**What you have to do**
Print out the data precisely as it appears here, with no pictures.

**Task data**
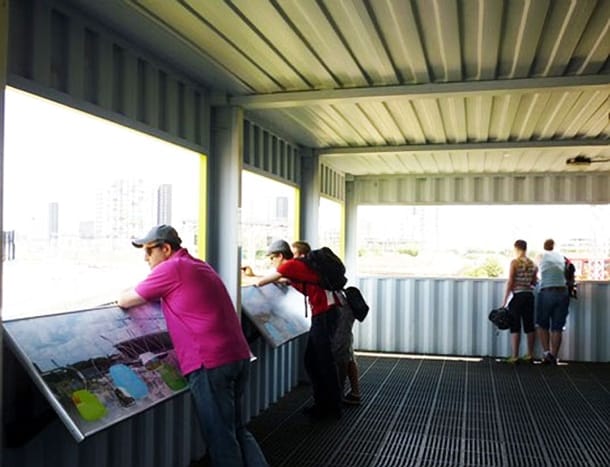La estructura que aparece en estas fotos lleva el nombre de View Tube. Se construyó en una posición elevada, dentro del Queen Elizabeth Olympic Park de Londres. El edificio funciona como cafetería, mirador, y galería de arte. Es un punto de reunión de muchos runners y ciclistas de la zona. Pero lo que más nos interesa de este proyecto es que está hecho con contenedores de carga, y es sostenible.
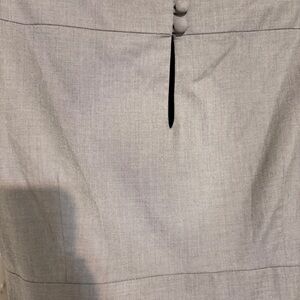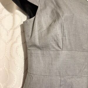 Sophisticated gray fitted dress with cap sleeves.Notice the pleat on each shoulder with a side zipper for the perfect fit. Perfect for work or evening outings. Timeless design by Banana Republic.
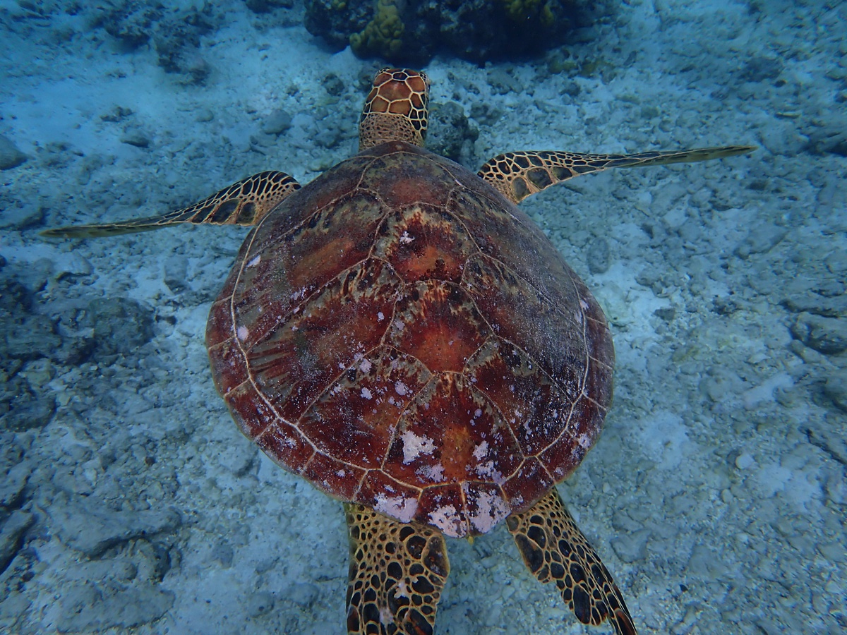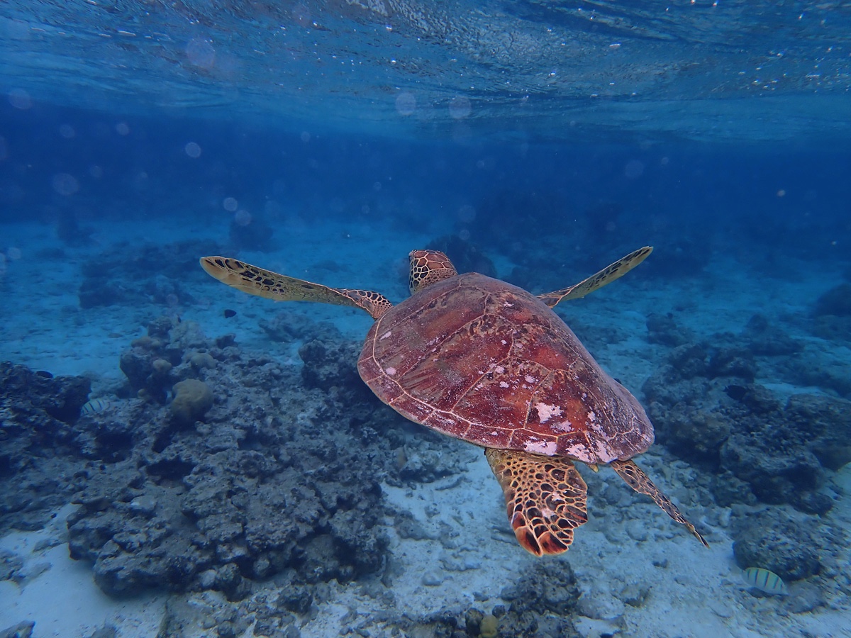 Vee all see-eest elu keeb. Enamikku osa saarest ümbritseb korallrahu aga mitte selline nagu Prantsuse Polüneesias. Siin on vesi seespool korallrahu väga madal vaid 1-2 m. See ei ole laevatatav. Korallide vahel kihab värvilistest kaladest ja nendes kohtades, kus korallrahurõngas on suuremad avad, näeb ka suuri ookeanikalu ning merikilpkonni. Naine käis ühes sellises kohas snorgeldamas. Kilpkonnad on inimestega nii harjunud, et lasevad enda kõrval ja kohal ujuda ja isegi kilpi silitada. Uskumatu!
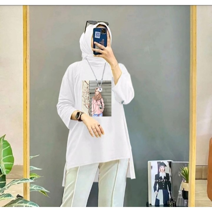 DETAIL PRODUK TUNIK HIJAB PHOTOGRAFER DAN SAKURA BAHAN BABYTERRY LINGKAR DADA 116CM PANJANG DEPAN 70CM PANJANG BELAKANG 82CM PANJANG LENGAN 40CM LINGKAR LENGAN 38CM MOTIF GAMBAR DTF PRINTING FIT XL TO XXL
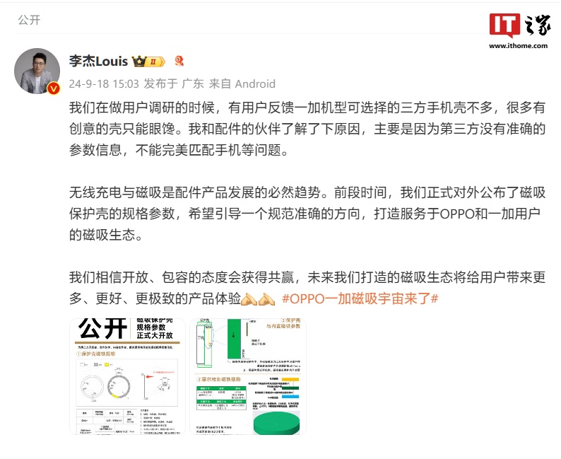 文章来源于互联网:IT之家-一加中国区总裁李杰公布 OPPO / 一加手机磁吸保护壳规格参数,为第三方配件厂商提供标准
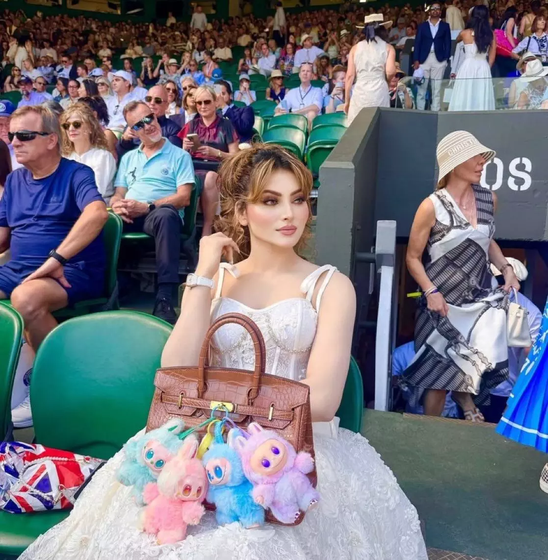 कुछ दिन पहले ही उर्वशी रौतेला विंबलडन विमेन्स सिंगल्स फाइनल में शामिल हुई थीं। उन्होंने आइवरी कलर की मिडी ड्रेस पहनी थी, जिसमें कॉर्सेटेड बोडिस डिज़ाइन था। हालांकि, सबसे ज्यादा ध्यान उनके Hermès हैंडबैग ने खींचा जिसपर चार रंग-बिरंगे लबूबू डॉल्स सजाए हुए थे।
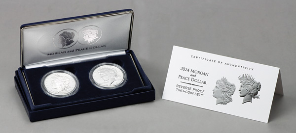2024 Silver Morgan and Peace Dollar Reverse Proof Two-Coin Set, in OGP. Shipping charges apply - weight 1 lbs. (Image)
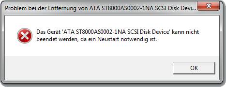 Jetzt möchte ich nur noch gerne wissen wie ich den PC dazu bringen kann dass er die Festplatte auch auswirft wenn ich sie entfernt habe... Ich kann sie zwar aus dem Gerätemanager löschen aber dann müsste ich den PC neu starten.

**Output of the exercise**
La estructura que aparece en estas fotos lleva el nombre de View Tube. Se construyó en una posición elevada, dentro del Queen Elizabeth Olympic Park de Londres. El edificio funciona como cafetería, mirador, y galería de arte. Es un punto de reunión de muchos runners y ciclistas de la zona. Pero lo que más nos interesa de este proyecto es que está hecho con contenedores de carga, y es sostenible.
 Sophisticated gray fitted dress with cap sleeves.Notice the pleat on each shoulder with a side zipper for the perfect fit. Perfect for work or evening outings. Timeless design by Banana Republic.
 Vee all see-eest elu keeb. Enamikku osa saarest ümbritseb korallrahu aga mitte selline nagu Prantsuse Polüneesias. Siin on vesi seespool korallrahu väga madal vaid 1-2 m. See ei ole laevatatav. Korallide vahel kihab värvilistest kaladest ja nendes kohtades, kus korallrahurõngas on suuremad avad, näeb ka suuri ookeanikalu ning merikilpkonni. Naine käis ühes sellises kohas snorgeldamas. Kilpkonnad on inimestega nii harjunud, et lasevad enda kõrval ja kohal ujuda ja isegi kilpi silitada. Uskumatu!
 DETAIL PRODUK TUNIK HIJAB PHOTOGRAFER DAN SAKURA BAHAN BABYTERRY LINGKAR DADA 116CM PANJANG DEPAN 70CM PANJANG BELAKANG 82CM PANJANG LENGAN 40CM LINGKAR LENGAN 38CM MOTIF GAMBAR DTF PRINTING FIT XL TO XXL
 文章来源于互联网:IT之家-一加中国区总裁李杰公布 OPPO / 一加手机磁吸保护壳规格参数,为第三方配件厂商提供标准
 कुछ दिन पहले ही उर्वशी रौतेला विंबलडन विमेन्स सिंगल्स फाइनल में शामिल हुई थीं। उन्होंने आइवरी कलर की मिडी ड्रेस पहनी थी, जिसमें कॉर्सेटेड बोडिस डिज़ाइन था। हालांकि, सबसे ज्यादा ध्यान उनके Hermès हैंडबैग ने खींचा जिसपर चार रंग-बिरंगे लबूबू डॉल्स सजाए हुए थे।
2024 Silver Morgan and Peace Dollar Reverse Proof Two-Coin Set, in OGP. Shipping charges apply - weight 1 lbs. (Image)
 Jetzt möchte ich nur noch gerne wissen wie ich den PC dazu bringen kann dass er die Festplatte auch auswirft wenn ich sie entfernt habe... Ich kann sie zwar aus dem Gerätemanager löschen aber dann müsste ich den PC neu starten.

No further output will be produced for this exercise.